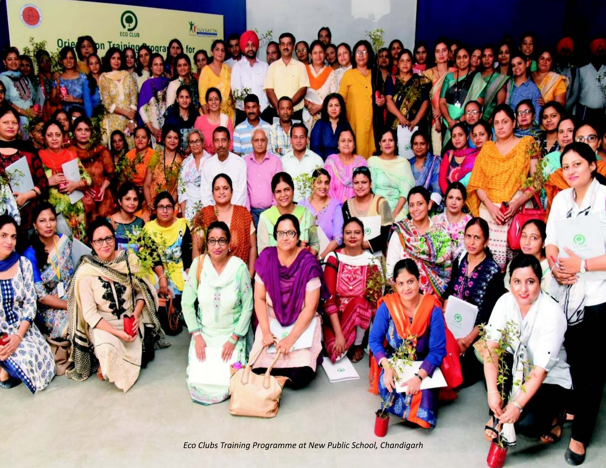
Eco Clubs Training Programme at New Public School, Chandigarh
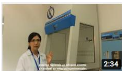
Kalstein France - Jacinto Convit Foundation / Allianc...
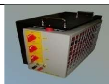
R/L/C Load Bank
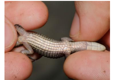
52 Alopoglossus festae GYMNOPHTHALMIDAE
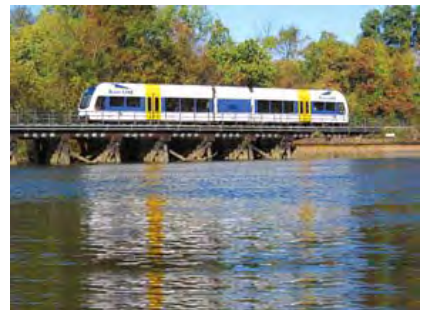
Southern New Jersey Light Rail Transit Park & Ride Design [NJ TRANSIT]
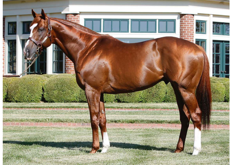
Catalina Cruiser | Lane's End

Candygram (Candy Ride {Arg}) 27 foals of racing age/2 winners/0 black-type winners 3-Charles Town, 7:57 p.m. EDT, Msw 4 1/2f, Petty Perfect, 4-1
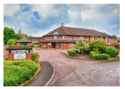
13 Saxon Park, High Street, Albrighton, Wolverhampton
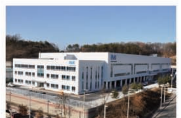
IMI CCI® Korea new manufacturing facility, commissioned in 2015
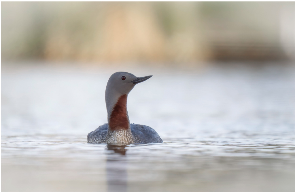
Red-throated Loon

* * *

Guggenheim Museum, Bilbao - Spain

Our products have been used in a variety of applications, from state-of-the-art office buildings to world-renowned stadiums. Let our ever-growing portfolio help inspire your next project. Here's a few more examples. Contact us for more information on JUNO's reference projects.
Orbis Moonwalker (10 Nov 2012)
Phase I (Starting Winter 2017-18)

**Work item:** Print, exactly, each line above from the one with "52 Alopoglossus festae GYMNOPHTHALMIDAE" to the one with "IMI CCI® Korea", end lines included. Leave pictures out of it.

**Response for this exercise:**
52 Alopoglossus festae GYMNOPHTHALMIDAE
Southern New Jersey Light Rail Transit Park & Ride Design [NJ TRANSIT]
Catalina Cruiser | Lane's End

Candygram (Candy Ride {Arg}) 27 foals of racing age/2 winners/0 black-type winners 3-Charles Town, 7:57 p.m. EDT, Msw 4 1/2f, Petty Perfect, 4-1
13 Saxon Park, High Street, Albrighton, Wolverhampton
IMI CCI® Korea new manufacturing facility, commissioned in 2015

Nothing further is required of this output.